Malik's article is interesting. He has related contemporary site sales with theories of the late 1990s and early 2000 when one could sell Web sites based on eyeballs (monthly unique visitors) and projections (interestingly Malik gives a backhanded compliment to our JupiterResearch division by suggesting that JupiterResearch was mocked for its "over the top" Internet advertising projections made in 2000 for 2005, but that now we can see thatJupiterResearch was just about on the mark!).

Malik has his own formula in the above referenced article showing the value of monthly unique visitors in relation to the purchase price of various properties. Jason Calacanis who recently sold his Weblogsinc.com to AOL, fires back at Malik stating that Malik's formula is not correct and that sites should only be valued on multiples of revenue and that valuation should have little do with pure traffic.

Let me digress a bit at this point in this post. In the mid-1990s, probably well before Om Malik was writing about the Internet, Steve Harmon of Mecklermedia was blazing a trail creating metrics much like what Malik has proposed. Harmon left Mecklermedia in 1998 and set up his own company and has had an up and down history since, but it is interesting to note that Malik is recycling much of what Harmon was doing 10 years ago.
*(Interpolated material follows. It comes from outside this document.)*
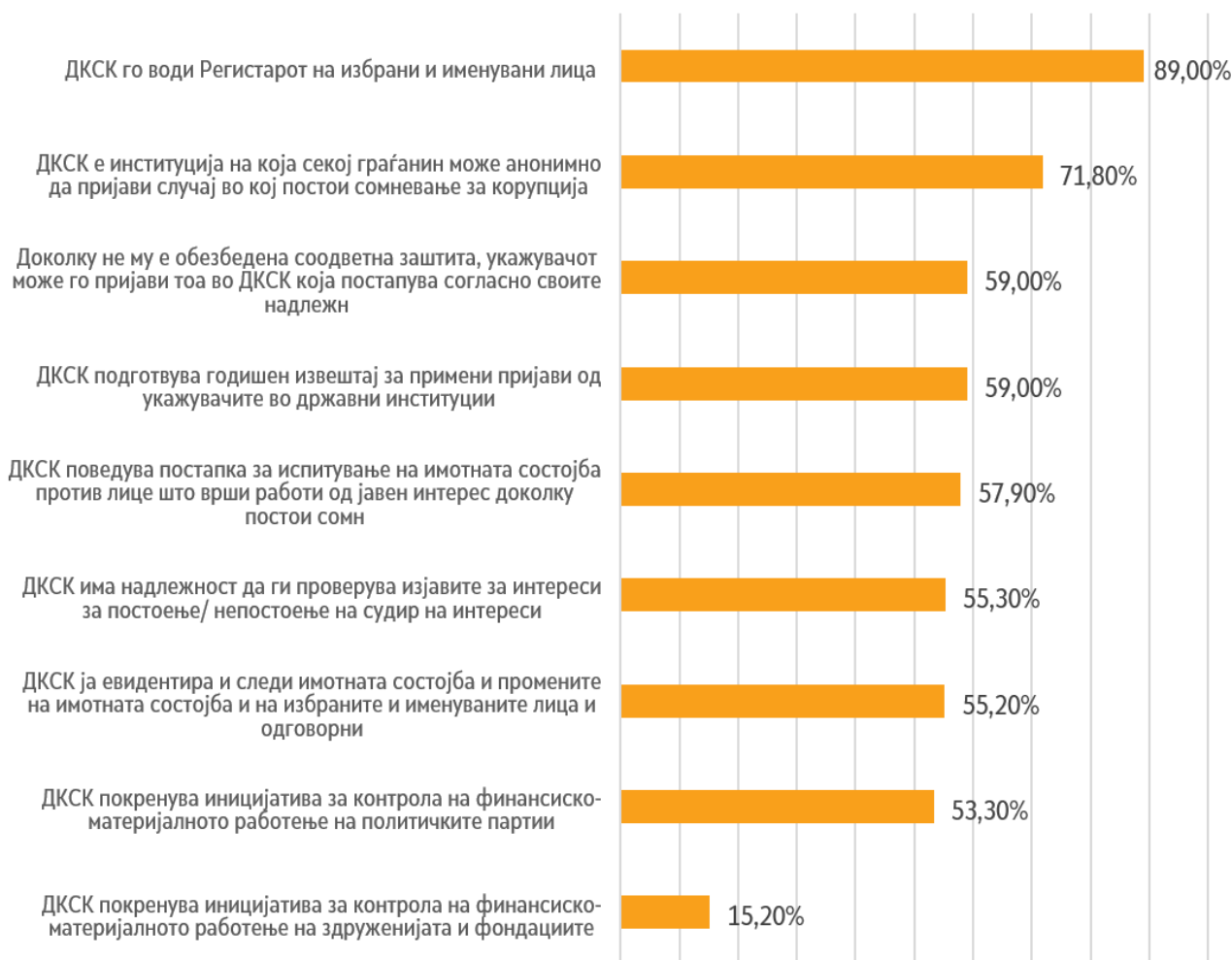
Графикон 2. Познавање на надлежностите на ДКСК од страна на граѓаните

Од истражувањето произлегува дека повеќе од половина граѓани (57,1%) воопшто не се запознаени со тоа што работи ДКСК 8 . Само 4,5% граѓани се целосно запознаени, а 37,7% дека се донекаде запознаени со работата на ДКСК. Од одговорите на прашањето за тоа кои се конкретните активности што треба да ги презема ДКСК, може да се заклучи дека граѓаните не ја познаваат ДКСК и кои се нејзините надлежности. Најмногу граѓани (89%) знаат дека обврската на ДКСК е да го води Регистарот на избрани и именувани лица. Исто така, 71,8% граѓани знаат дека може анонимно да пријават до ДКСК случај во кој се сомневаат дека постои корупција. Од друга страна, дека ДКСК може да покренува иницијатива за контрола на финансиско-материјалното работење на здруженијата и фондациите граѓаните речиси и да не знаат , бидејќи само 15,2% одговориле дека тоа е една од надлежности на Комисијата. Другите надлежности на ДКСК ги препознале од 50 до 60% од граѓаните.

My own two cents on all this: Calacanis is correct in that real value depends on eyeballs that produce revenue. Malik, however, is correct in suggesting that "eyeball" value is heating up again. Myspace.com is the perfect candidate for what Malik is questioning. Myspace is a rapidly growing site. It could well be the bluemountain.com site of today that Malik mentions in his article (ExciteAtHome paid $780 million for bluemountain.com many years ago. The site had no revenue. I have no idea what its value is today, but I am sure that that value is a mere sliver of $780 million).

David Hornik, quoted in Malik's article sums up my viewpoint on this matter --- "not all pageviews are created equal." This has been proved over and over again since 1996.

By the way, I must give credit for learning about the ideas behind this post from reading an article by Dan Mitchell in the December 3, 2005 issue of The New York Times entitled "Eyeballs Are Back, or Maybe Not." I would suggest that Dan Mitchell too was not writing about the Internet in 1995!